The Full Moon celebrates Jupiter’s coming opposition by accompanying the bright planet in a beautiful conjunction tonight.
Even last night Jupiter and the Moon were close enough to attract attention. Tonight they’ll be even more striking. Two reasons for that. The Moon is full this evening and will have crept within 41/2° of the planet. They’ll rise together and roll together all night long.
February’s full moon is aptly named the Full Snow Moon as snowfall can be heavy this month. Just ask the folks in Chicago. The Cherokee Indians called it the “Bone Moon”, named for the tough times experienced by many Native Americans in mid-winter when food supplies ran low. With little left to eat people made use of everything including bones and bone marrow for soup.
Not only is the Full Moon directly opposite the Sun in the sky, rising around sunset and setting around sunrise, but in mid-winter they’re nearly on opposite ends of the celestial seesaw.
In early February the Sun is still near its lowest point in the sky (bottom of the seesaw) for the northern half of the globe. And while daylight is steadily increasing as the Sun moves northward, darkness still has the upper hand this month. Full Moons like tonight’s lie 180° opposite the Sun, placing the Moon near the top of the seesaw. Come early August, the Sun will occupy the Moon’s spot and the Full Moon will have slid down to the Sun’s current position. Yin and Yang folks.
Now here’s the interesting thing. Jupiter will also be in “full moon” phase when it reaches opposition this Friday Feb. 6. Take a look at the diagram. From our perspective on Earth, Jupiter and the Sun lie on opposite sides of our planet 180° apart. As the Sun sets Friday, Jupiter will rise in the east and remain visible all night until setting around sunrise exactly like a Full Moon.
So in a funny way, we have two Full Moons this week only one’s a planet.
Like me, a lot of you enjoy a good moonrise. That golden-orange globe, the crazy squished appearance at rising and the transition to the bright, white, beaming disk that throws enough light on a winter night to ski in the forest without a headlamp. All good reasons to be alive.
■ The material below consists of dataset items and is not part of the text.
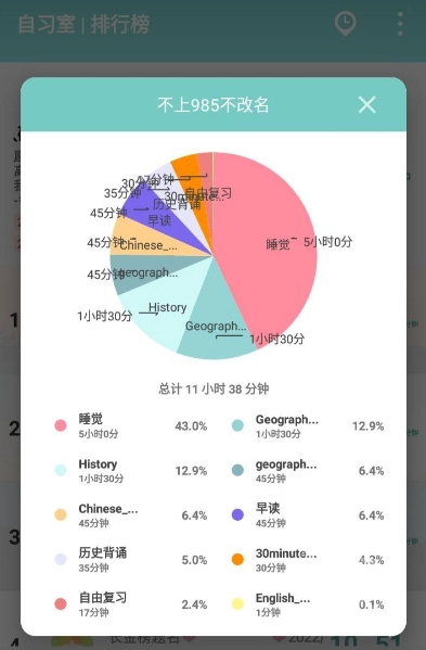 和朋友一起加入自习室,彼此陪伴着为目标奋斗,还能互相比拼专注时长,随时查看各自的专注分布情况。
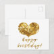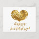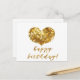 Cartão Postal Feliz Aniversário! Coração de Brilho Dourado Glamo
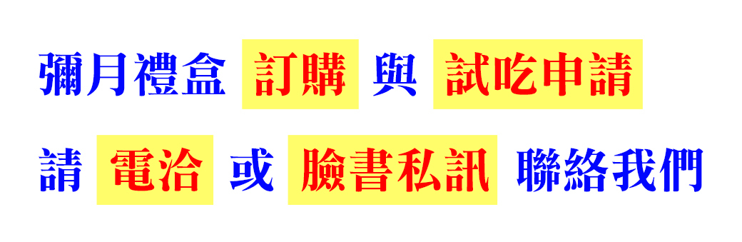 彌月禮盒訂購與試吃申請,請電洽06-2705520FB私訊 或 LINE一對一(ID: @line-mini-tart聯絡我們
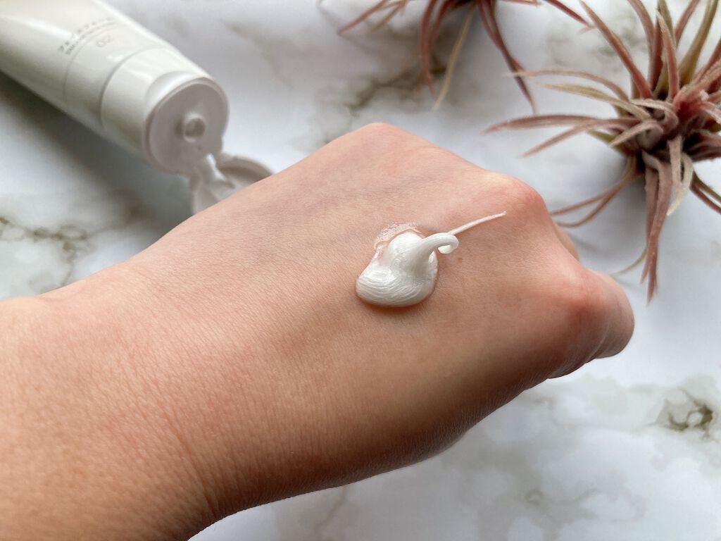 過剰な皮脂を吸着しながら角層へうるおいが浸透する、皮脂吸着パウダー&モイストカプセルを配合しているんだって😊 テクスチャーはやわらかくてクリーミィ感があり、伸ばしても軽やかです。 マットな仕上がりだけど、ほんの〜りツヤもあるかな。
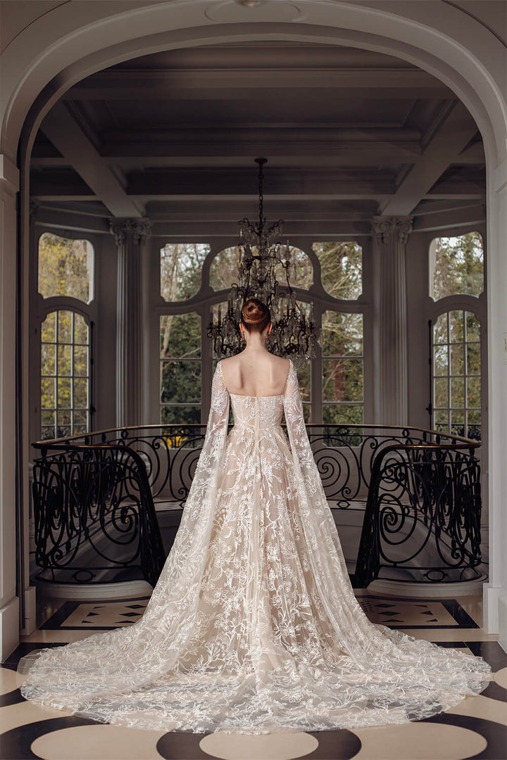 This dress blends timeless beauty with modern flair.
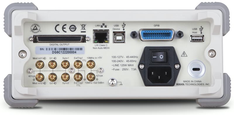 Подключение и управление: RIGOL DG5252 поддерживает USB-host, USB-device и LAN интерфейсы. Устройство совместимо с USB накопителями (FAT) и позволяет удаленное управление через сеть Ethernet.
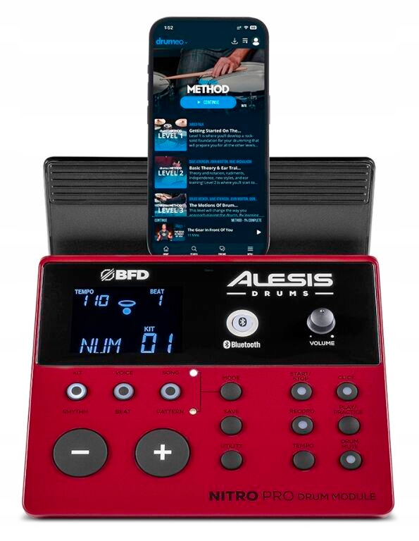 З Alesis Nitro Pro ви можете легко підключатися до своїх улюблених пісень або уроків через Bluetooth або вхід AUX. Незалежно від того, чи хочете ви грати разом або записувати, цей набір забезпечить вам плавну та бездротову співпрацю з мобільними пристроями. А завдяки вбудованому тримачу телефону ви завжди матимете свою техніку під рукою, не плутаючись із кабелями та адаптерами.
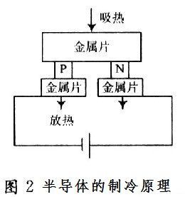 把一個N型和P型半導體的粒子用金屬連接片焊接成一個電偶對。當直流電流從N極流向P極時,上端產生吸熱現象,此端稱冷端,下端產生放熱現象,此端稱熱端,如果電流方向反過來,則冷熱端相互轉換。
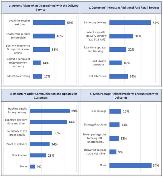 The actions taken by customers when they encounter problems with the delivery service are avoiding the retailer in future, contacting the retailer to complain, posting their experiences, and providing negative reviews online (Figure 6a). Furthermore, among those customers who choose to avoid the retailer, 44% do not take any further action, such as posting a review, complaining to the retailer, or similar actions. Such behaviour may result in a significant number of unsatisfactory delivery incidents going completely unnoticed by the retailer.
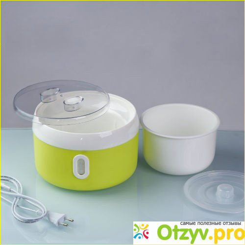 Сготовлена из эко-пластика самого высокого качества, который термоустойчивый. Я живу в обычнейшей деревне, поэтому натуральными продуктами обеспечена, и не нужно бегать за химией в магазины. Йогурт получается довольно густым, насыщенным, а главное натуральным и вкусным! Лично я ложу закваски не 50 мл как описано в руководстве, а 100 мл, тогда йогурт получается вообще обалденный.
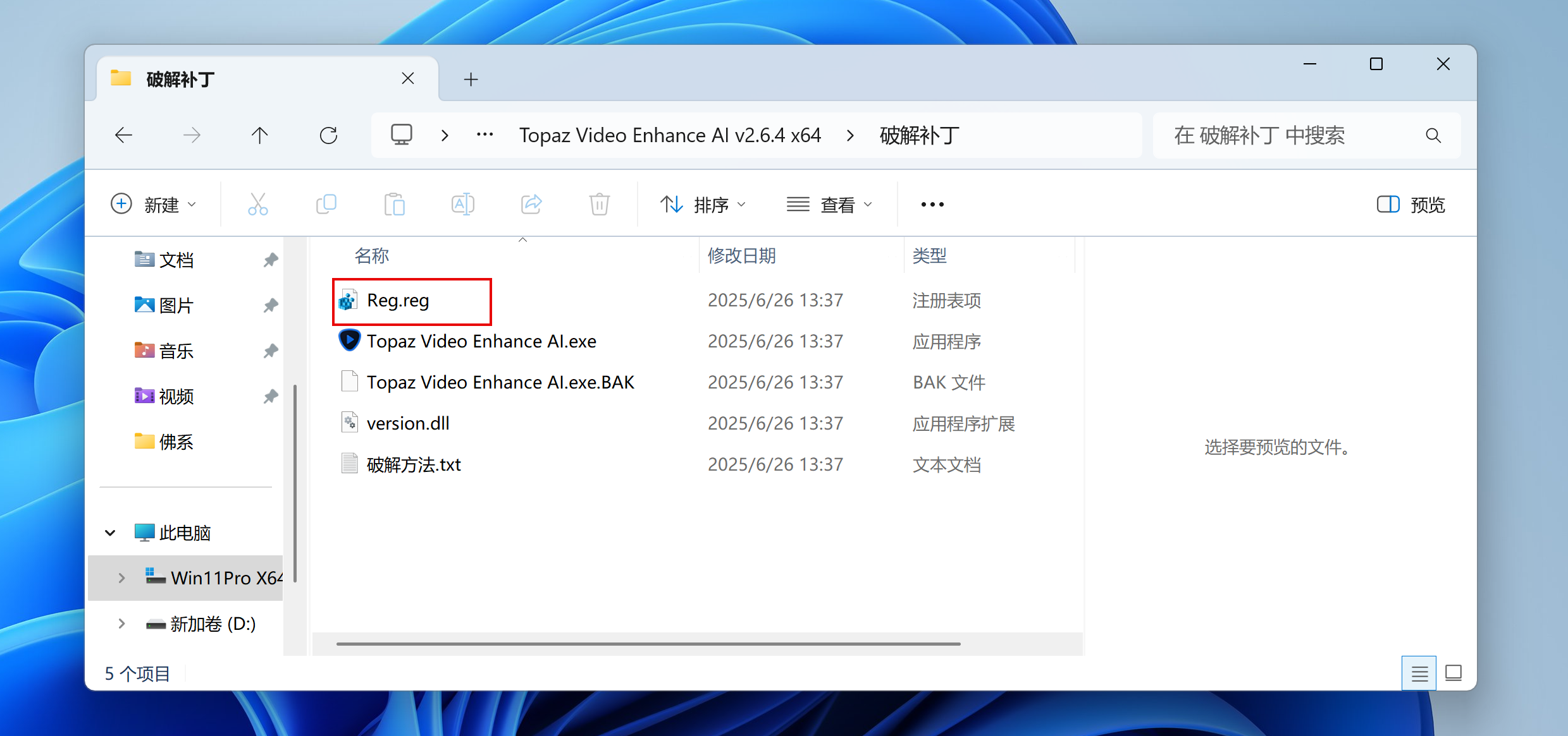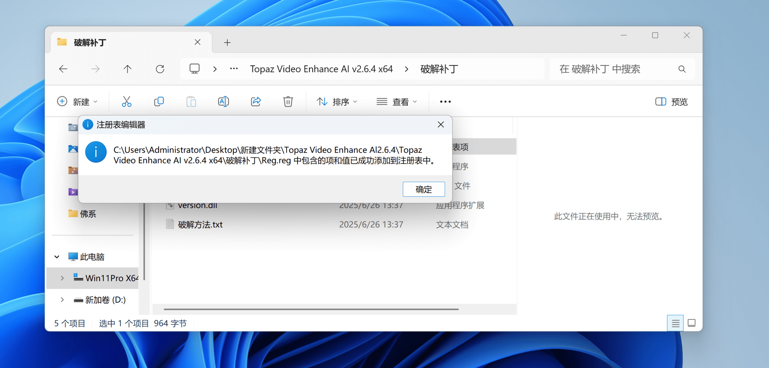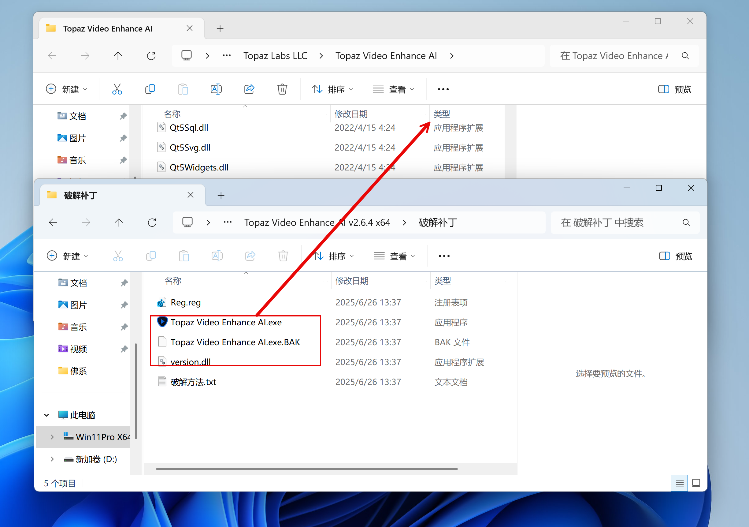 打开crack文件夹,将version.dll、Topaz Video Enhance AI.exe、Topaz Video Enhance AI.exe.BAK复制到安装根目录C:\Program Files\Topaz Labs LLC\Topaz Video Enhance AI(默认地址)
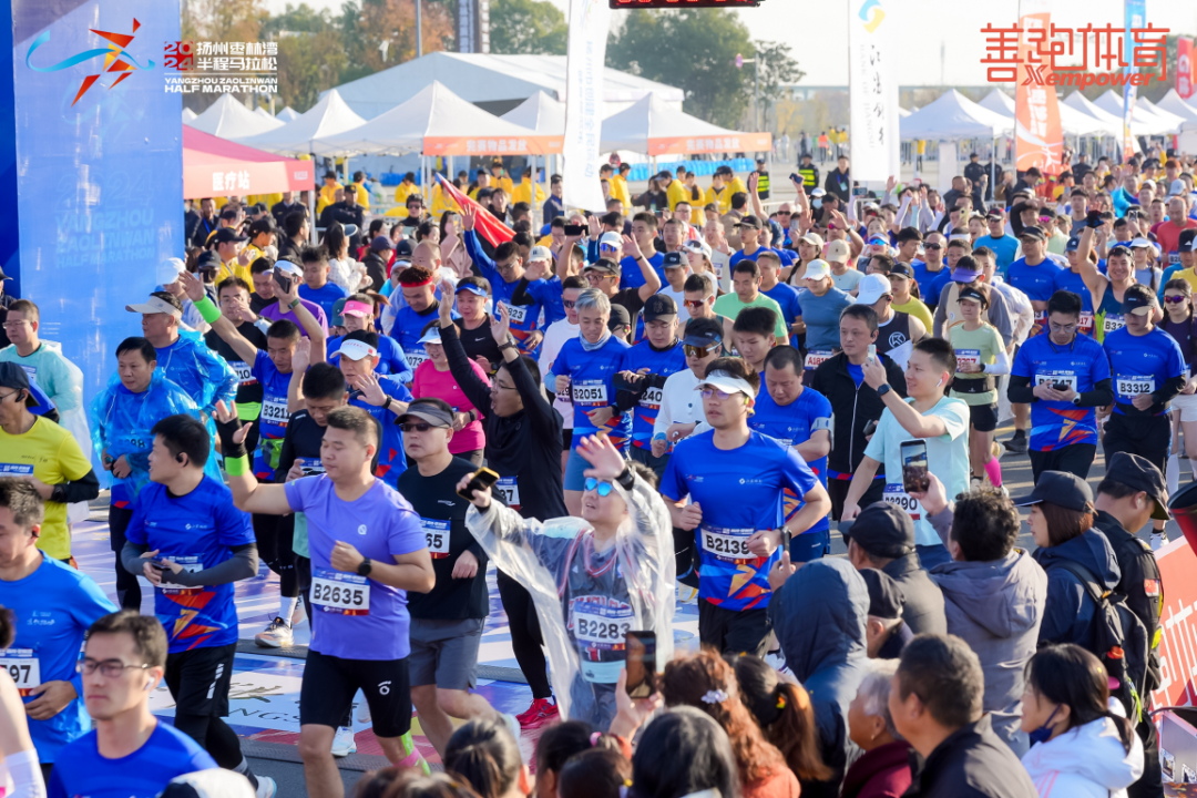 魅力古韵仪征,热血活力奔跑。11月24日上午8:30,江苏银行2024扬州枣林湾半程马拉松在仪征市扬州世博园1号门鸣枪起跑。本次赛事设置了两个比赛项目,半程马拉松(21.0975 公里)、欢乐跑(约5.5公里),共吸引了来自全国各地的8000名选手齐聚仪征,在枣林湾绝美风光的赛道上竞速,畅享奔跑带来的欢乐与激情。
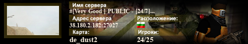 | Статус : Включен | Страна Адрес сервера : 38.180.2.182:27027 Игра : Counter-Strike : Source Карта : de_dust2 Игроки : (1)24 / 25 | Загружен на : Сайт сервера : Не задан Обновлен в : 15:02 | Пинг : 83 мс | Версия : 1.1.2.7/Std ОС: Linux | VAC - Secured | ||
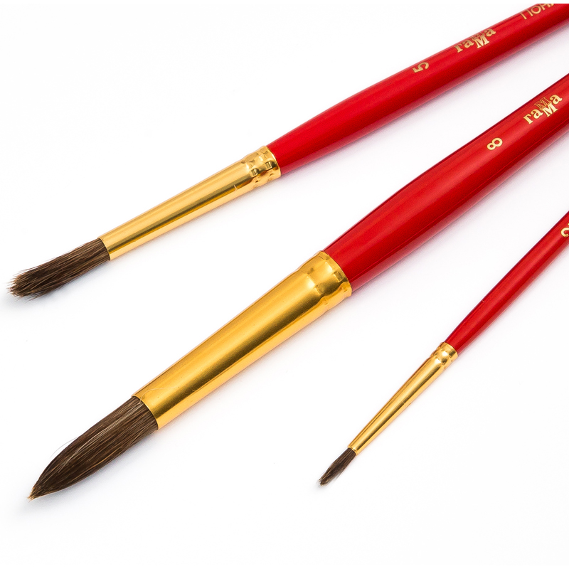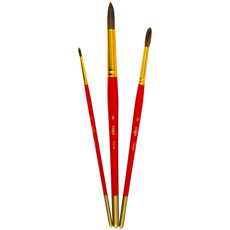 Набор состоит из трёх круглых кистей из гривы пони № 2, 5, 8 в блистере.
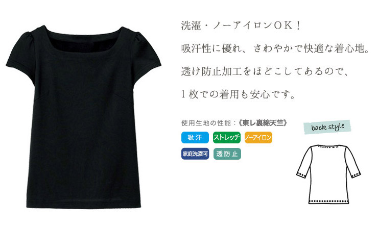 コットンのさわやかな肌ざわりとポリエステルのお手入れしやすさが調和。 吸汗性に優れ、洗濯機もOK。ノーアイロンで着用できます。 女性に安心な透け防止が加工されています。

To find when the moon rises for your town, click over to this moonrise calculator. As you step outside tonight to get your required Moon and Jupiter-shine, consider the scene if we took neighboring Jupiter and placed it at the same distance as the Moon. A recent series of such scenes was released by the Russian Federal Space Agency (Roscosmos). I included one here and added the Moon for you to compare. Is Jupiter enormous or what?